> [What you need to do]: The required output is the lines from the one with "Pour créer une" through the end of the data, repeated verbatim, with no pictures included.

> [Data extract]:

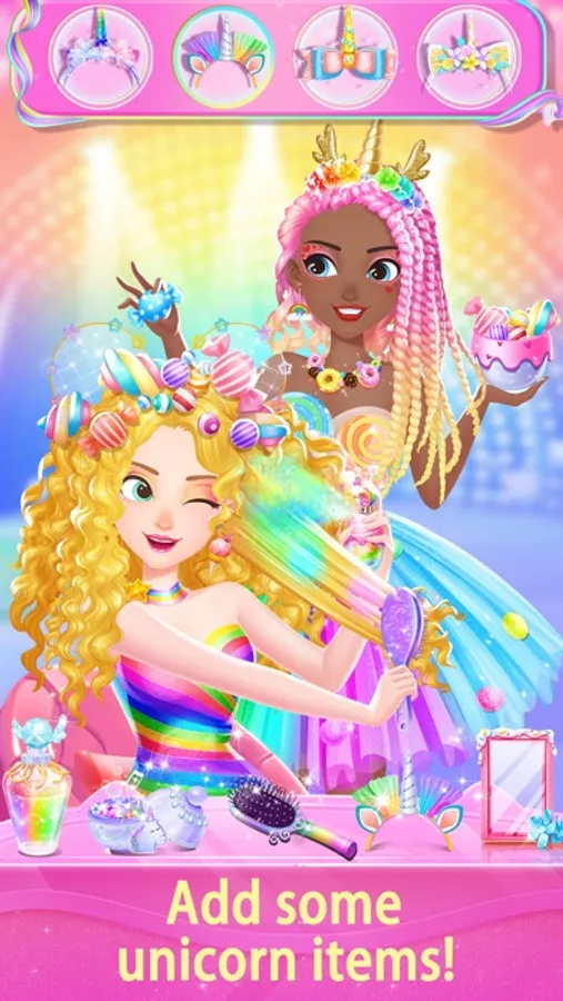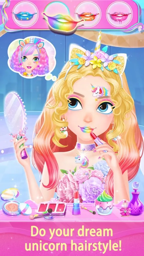 How do you want your hair done? Long or short, straight or curly... you are your own stylist for now. Here, we offer all the tools you want, scissors, curling irons... Oh, put some unicorn accessories on the hair, you'll absolutely like them. Whenever you have a place to go, just remember to come here and we'll make you shine.
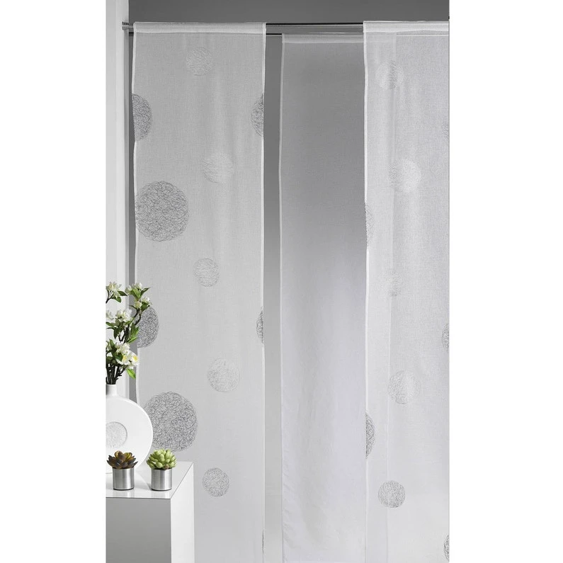 Pour créer une ambiance tamisée dans votre pièce. Un panneau prêt-à-poser, brodé blanc avec des motifs ronds blanc et gris, un ourlet passe tringle et une barre de lestage en plastique donnant un bel aspect tendu au tissu. A combiner avec le panneau prêt-à-poser uni dans le même coloris. Ce motif se décline en vitrage, voilage, rideau et coussins. Coloris gris et taupe/beige (sur commande)
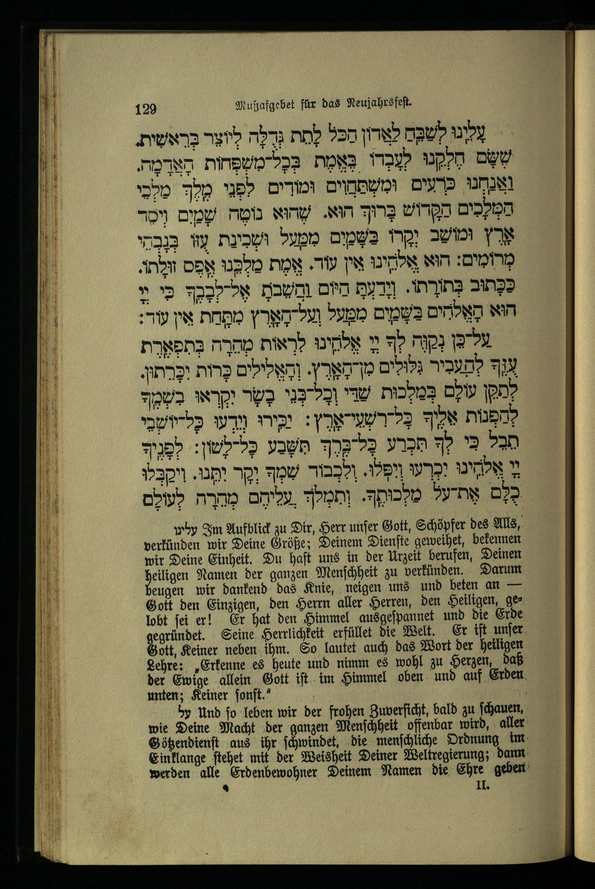 תפילת מוסף לראש השנה Mußafgebet für das Neujahrsfest.

> [Solved exercise]:
 Pour créer une ambiance tamisée dans votre pièce. Un panneau prêt-à-poser, brodé blanc avec des motifs ronds blanc et gris, un ourlet passe tringle et une barre de lestage en plastique donnant un bel aspect tendu au tissu. A combiner avec le panneau prêt-à-poser uni dans le même coloris. Ce motif se décline en vitrage, voilage, rideau et coussins. Coloris gris et taupe/beige (sur commande)
 תפילת מוסף לראש השנה Mußafgebet für das Neujahrsfest.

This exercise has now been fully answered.